1 Aralık 2011 Perşembe

Turkey Increases Pressure on Syria Over Oppression


Sebnem ARSU    The New York Times

ISTANBUL — Turkish officials continued Tuesday to step up pressure on Syria, saying they would consider having their military cross the border to impose a safety zone if the Assad government failed to stop killing citizens demanding democratic change.

Foreign Minister Ahmet Davutoglu said Tuesday that his government was hopeful that an incursion would be unnecessary and that Syria would respond to sanctions imposed Sunday by the Arab League. But the Syrian government has shown no willingness to abide by its neighbors’ demands, declaring the Arab League move “economic war.”
 
In a television interview broadcast on Kanal 24, a private network, Mr. Davutoglu said, “Despite all, if oppression continued, Turkey remains ready for all possible scenarios,” including creating a buffer zone. He said it would be established in coordination with the international community to offer large groups of Syrians protection from violence along borders with Jordan, Lebanon, Iraq and Turkey.


“If further oppression gives way to a major human movement, tens of thousands of people leave their homes and move towards borders with not only Turkey but also Jordan, Lebanon and Iraq, there would be a huge stress on these neighboring countries,” Mr. Davutoglu said. “We never wish people to leave their bases, homes, but we also have to consider such a scenario and work accordingly.”

Turkey was once one of Syria’s closest regional allies, and the prime minister, Recep Tayyip Erdogan, was once close to the Syrian president, Bashar al-Assad. But as the political crisis has churned in Syria for months, with government forces killing at least 3,500 demonstrators, according to the United Nations, Turkey has severed its ties, called on Mr. Assad to step down and threatened ever-increasing pressures if the killing does not stop.

Mr. Erdogan’s Justice and Development Party strongly opposes international military intervention in Syria and still urges a political resolution to end the conflict, yet has taken an increasingly hard line.
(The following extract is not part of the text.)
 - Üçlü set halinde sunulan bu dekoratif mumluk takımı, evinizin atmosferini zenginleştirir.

Turkey hosts the Syrian military defectors who are organizing an increasingly aggressive, if not yet effective, insurgency inside Syria. It is offering safe haven to more than 7,500 Syrian citizens in tent camps in Hatay, a southern town neighboring Turkey’s 500-mile border with Syria.

Turkey also decided, given that Mr. Assad continues to ignore Arab League calls for peace and political reform, to divert all of its Middle Eastern trade away from routes that traverse Syria, siphoning off yet another source of income for Syria and severing yet another global tie for an increasingly isolated government.
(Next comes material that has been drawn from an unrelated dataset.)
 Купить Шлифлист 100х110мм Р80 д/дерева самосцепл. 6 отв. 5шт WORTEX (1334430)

“Transportations via Iraq, en route to Jordan, Saudi Arabia, Yemen and the gulf will be further supported, and we’ll step up studies over this route,” Binali Yildirim, the transportation minister, said Tuesday in a televised statement.
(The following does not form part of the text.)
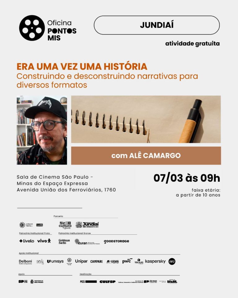 A oficina “Era Uma Vez Uma História”, do programa Pontos MIS, será realizada no dia 7 de março, das 9h às 13h, no Espaço Expressa, em Jundiaí, com a proposta de incentivar a criação de narrativas de forma acessível e estruturada. O encontro apresentará ferramentas práticas para que os participantes desenvolvam suas próprias histórias e será conduzido pelo premiado diretor e roteirista de animação Alê Camargo, responsável por curtas como “Os Anjos do Meio da Praça”, “A Ilha” e “A Noite do Vampiro”.

Limitations on transportation, however, would not apply to the delivery of basic food and medical supplies to the Syrian population, while border controls would be intensified to prevent arms trade, the minister added.

Flights between Damascus, the Syrian capital, and Turkish towns continued as scheduled.

On Sunday, the Arab League imposed unprecedented sanctions on one of its own, having suspended Syria from the group and issuing a travel ban against scores of senior Syrian officials, a freeze on government assets in Arab countries, a ban on transactions with Syria’s central bank and an end to all commercial exchanges with the government.

Turkish frustration with Syria increased a day earlier when an independent commission organized by the United Nations Human Rights Council released a report that documented what it described as “patterns of summary execution, arbitrary arrest, enforced disappearance, torture, including sexual violence, as well as violations of children’s rights.”

The commission expressed concerns that “crimes against humanity have been committed.”

Syria has rejected any assertions that its military was responsible for civilian bloodshed, saying both the West and the Arab world refused to accept the Assad government’s view that Syria has been the target of armed gangs financed from abroad.